Уткина, вынув огурец, подошла к Зощенко вплотную и снова забормотала: «Потанцуй! Потанцуй!».
– Слушайте, не могу… – ответил, приложив руку к груди, Зощенко. – Вы же видели, как меня помяли. Не могу, извините…
Уткина обозлилась.
– Антоша, накажи его, он не хочет танцевать с дамой… – протянула он голосом обиженной нимфетки.
Давыдов, вот только что хохотавший над тем, как она заглотнула огурец, мгновенно помрачнел и, повернувшись к Зощенко, сердито сказал:
– Что, летчик, рыло воротишь? Тебя в компанию позвали, а ты нашими бабами брезгуешь?!
Не успел Зощенко ответить, как Давыдов резко ударил его прямо в лицо. Зощенко слетел со стула, и, поднимаясь, проговорил:
– Да ты ошалел, сопляк, я тебе в отцы гожусь!
– На хую я видал таких отцов! – закричал Давыдов. Отца он и правда ненавидел – не мог простить того, что тот не отмазал его полностью.
Протопопов и Хоркин захохотали. Уткина, уже вряд ли что-то соображающая, вдруг заголосила:
– Трахните, мальчики, это козла! Если он не хочет такую женщину как я, так он точно пидор!
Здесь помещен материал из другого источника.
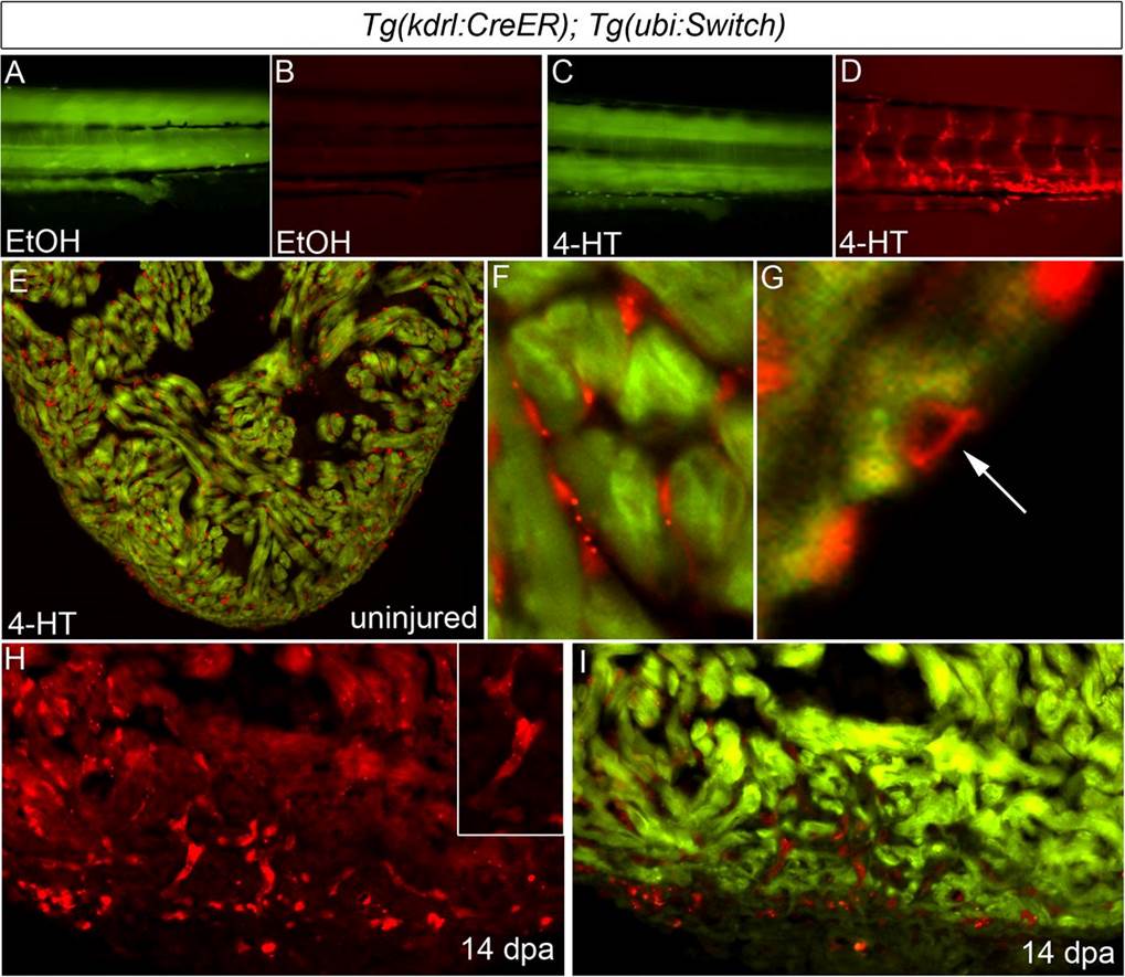 Regenerated coronary endothelium derives from preexisting endothelial cells during zebrafish heart regeneration. (A–D) Permanent labeling of endothelial cells during zebrafish embryogenesis. Tails of 96-hpf Tg(kdrl:CreER); Tg(ubi:Switch) embryos treated between 24 and 48 hpf with EtOH (A and B) or 4-HT (C and D) and imaged in the green (A and C) and red (B and D) channels. All 4-HT–treated embryos examined expressed mCherry in endothelial cells (n > 100), whereas EtOH-treated embryos failed to report red fluorescence (n > 100). (E–G) The adult endocardium and coronary endothelium displayed widespread and permanent mCherry labeling following 4-HT treatment during embryonic stages (n = 3/3). Representative cardiac section (E) and close up views of mCherry-labeled endocardium (F) and coronary endothelium (G). (H and I) Representative cardiac section from a regenerating Tg(kdrl:CreER); Tg(ubi:Switch) animal with mCherry-labeled endocardial and endothelial cells at 14 dpa. Numerous mCherry+ endothelial tubes (Inset) populated the regenerating myocardium. (n = 3/3.)
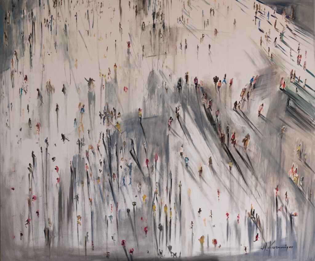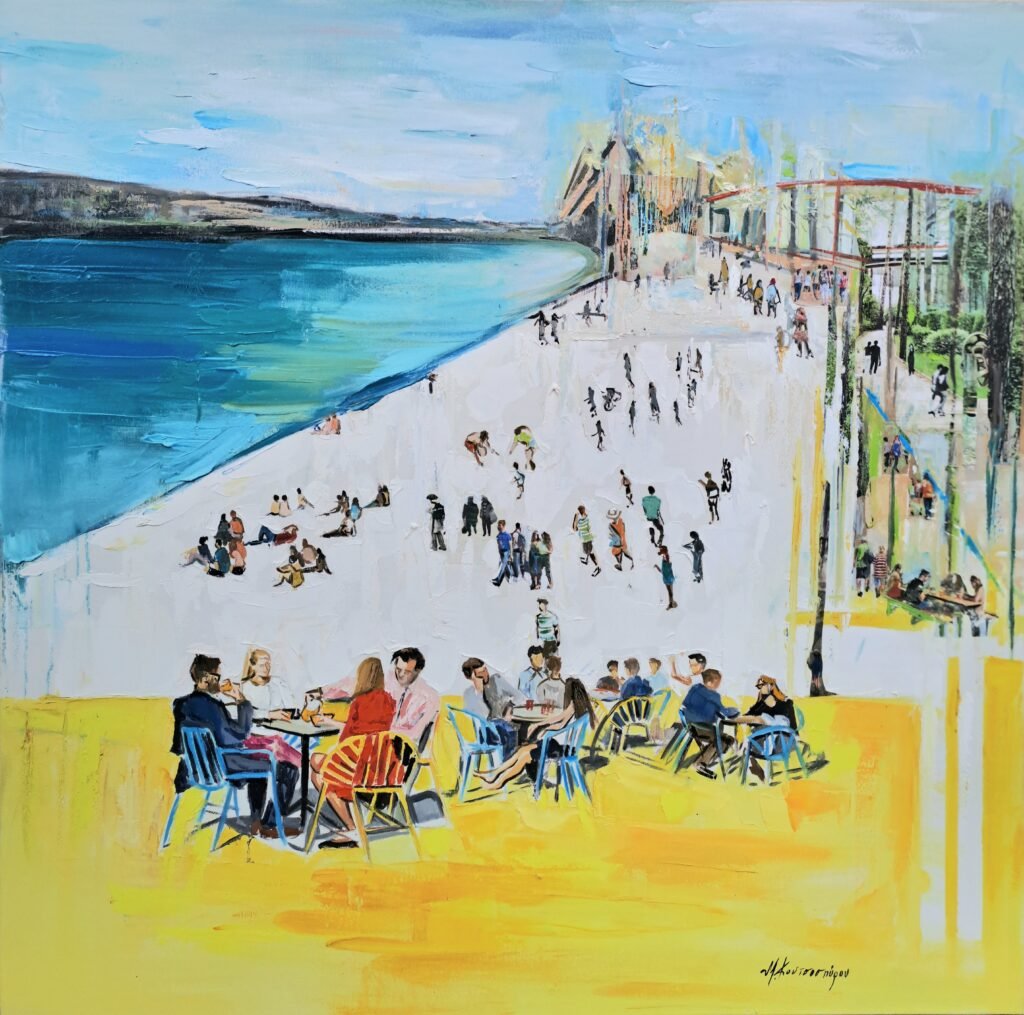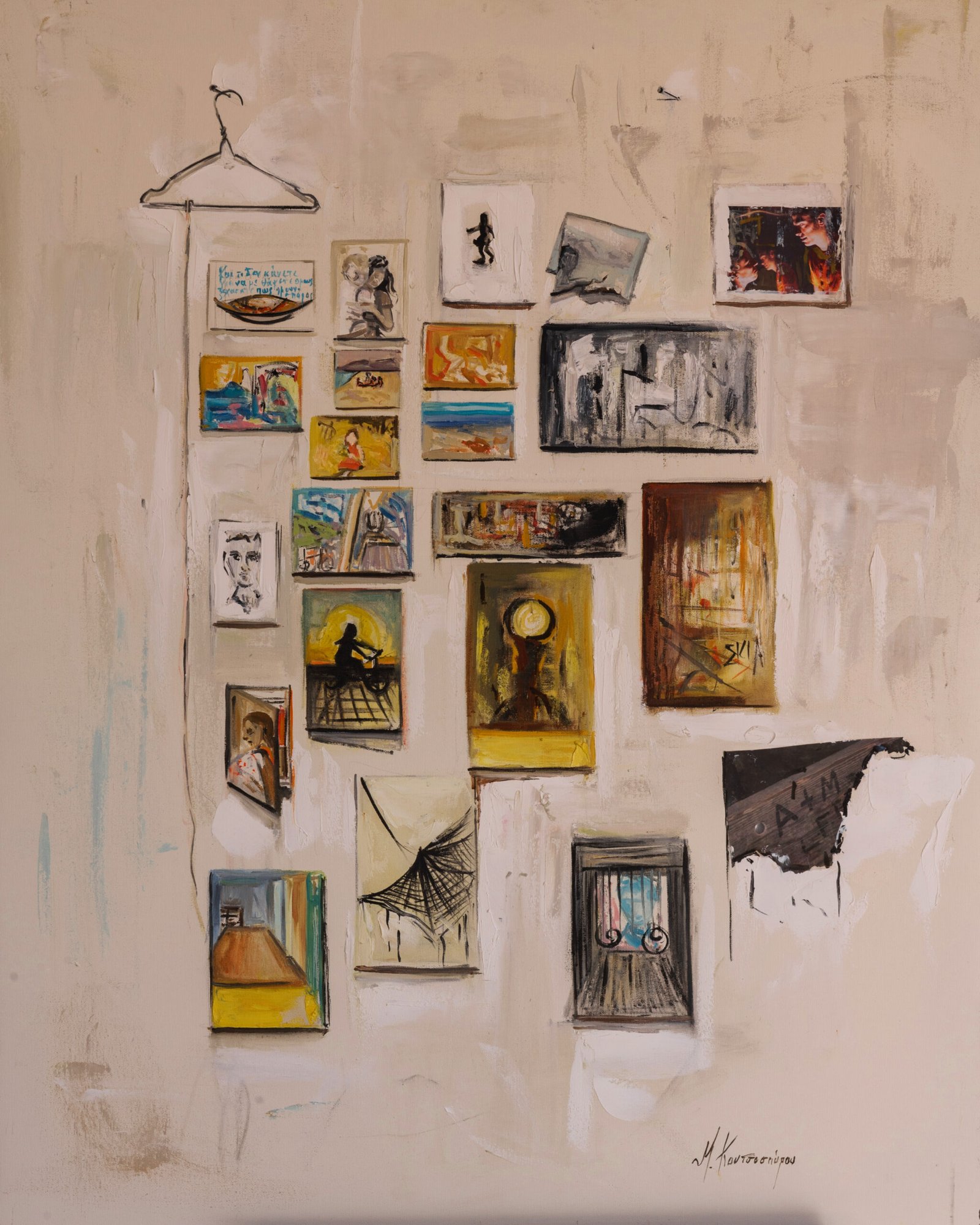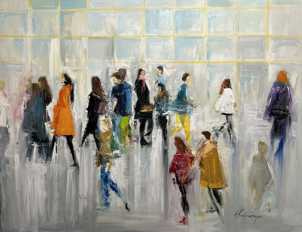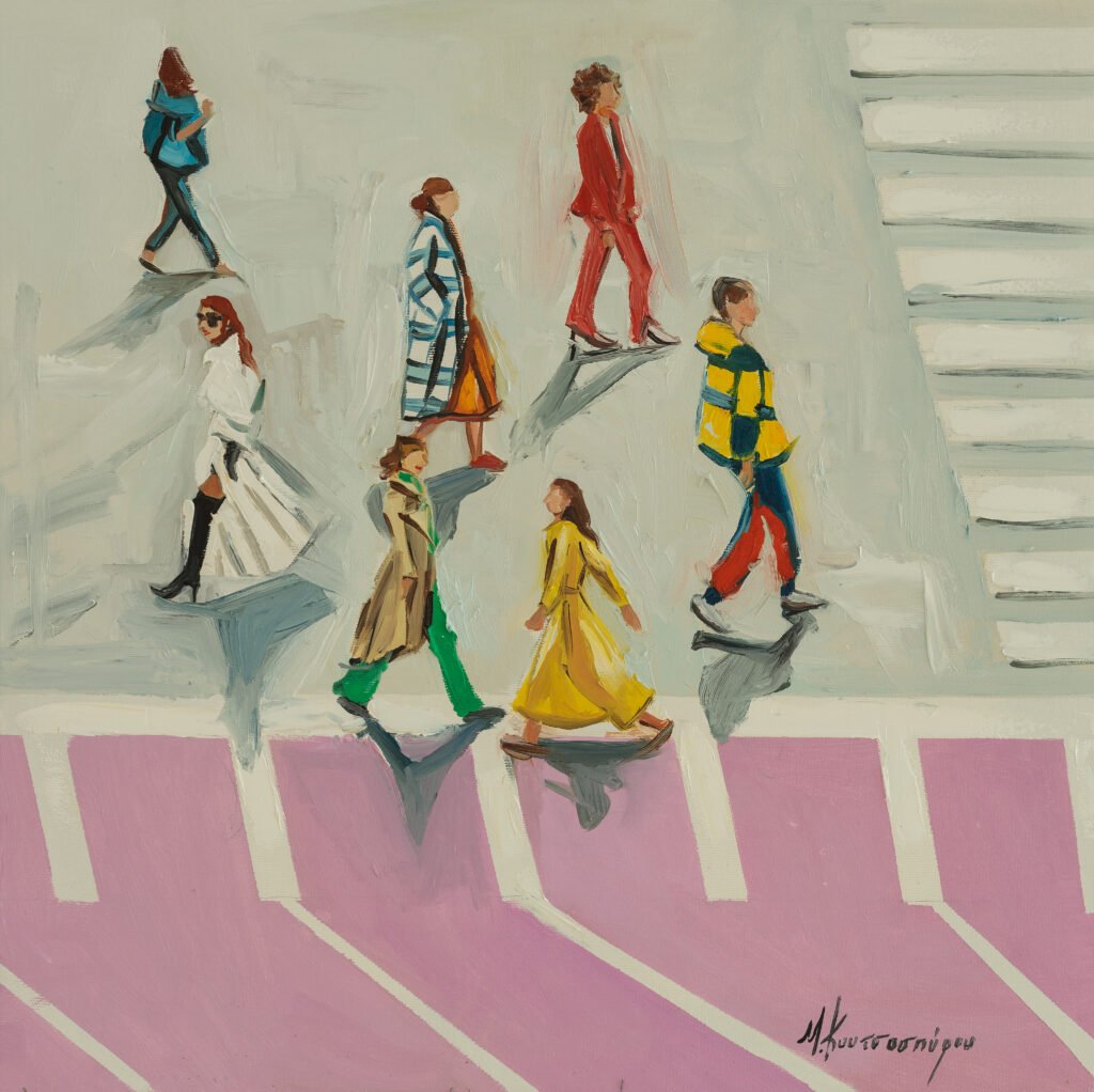 Ανθρώπινες φιγούρες, άντρες, γυναίκες, παιδιά, τοποθετημένες στα περιβάλλοντα που ανήκουν, σε αστικά ή φυσικά περιβάλλοντα, σε περιβάλλοντα φτιαγμένα από μύθο κι ιστορία, σουρεαλισμό ή και ρομαντισμό ακόμα, γίνονται οι πρωταγωνιστές ενός ευφάνταστου ζωγραφικού θιάσου που για το τέλος σου αφήνει μια αίσθηση απαλή, σαν χάδι, μιας εποχής άλλης που την φιλοξενούμε μέσα μας• πολύτιμη βαθιά σαν νοσταλγία."

Протопопов закричал: «Точно, трахнем деда!»
Зощенко, хоть такие резкие перемены не умещались в голове, понял, что дело плохо и надо драться. Он увидел рядом бутылку, схватил ее и ударил того, кто был ближе – Протопопова – по голове. Протопопов рухнул. Хоркин и Давыдов бросились на Зощенко. Уткина выбежала с криком «Убивают!». Зощенко был трезвее молодых ментов, да Протопопов был к тому же явно не герой – пыл его почти сразу прошел. Зощенко двинул Хоркину по голове, того отбросило к стене. Давыдов все прилаживался достать Зощенко ногой, но мешал стол. Зощенко двинул стол на Давыдова, приперев его к стенке, и бросился к двери. Он уже выскочил в «приемный покой», но как раз в этот момент на его пути оказался Котенко с резиновой дубинкой. С размаху Котенко ударил Зощенко по голове.
– Ааа, сука! – взревел Зощенко, и этот крик в своей камере услышали Кутузов и Ураганов. Тут сзади на Зощенко бросился выбравшийся из-за стола Давыдов, да еще выбежал Хоркин. Зощенко упал. Его лупили ногами и дубинкой, он пробовал встать, и не успевал. Из подсобки, шатаясь, вышли еще и Крейц с Карташовым. Карташов вдруг вспомнил, что когда-то учился рукопашному бою и заорал: «Да как вы бьете, вы же так не убьете его никогда!» После этих слов он с размаху двинул Зощенко кулаком по затылку. Зощенко упал лицом в пол.
– Вы что, суки?! – закричал из камеры Кутузов, подошедший к двери и силившийся разглядеть или расслышать хоть что-нибудь. – Пидоры ментовские!
Кутузова, обычно молчаливого, вдруг прорвало. Такое редко с ним бывало, но тут он не мог сдержаться. Вечер и так закончился наперекосяк, а теперь и вовсе происходило то, что не умещалось в голове.
– Козлы! – заорал он.
Замок камеры загремел – вошел Котенко, оглянулся, понял, что кричал Кутузов, и резко ударил его дубинкой по голове. Кутузов упал.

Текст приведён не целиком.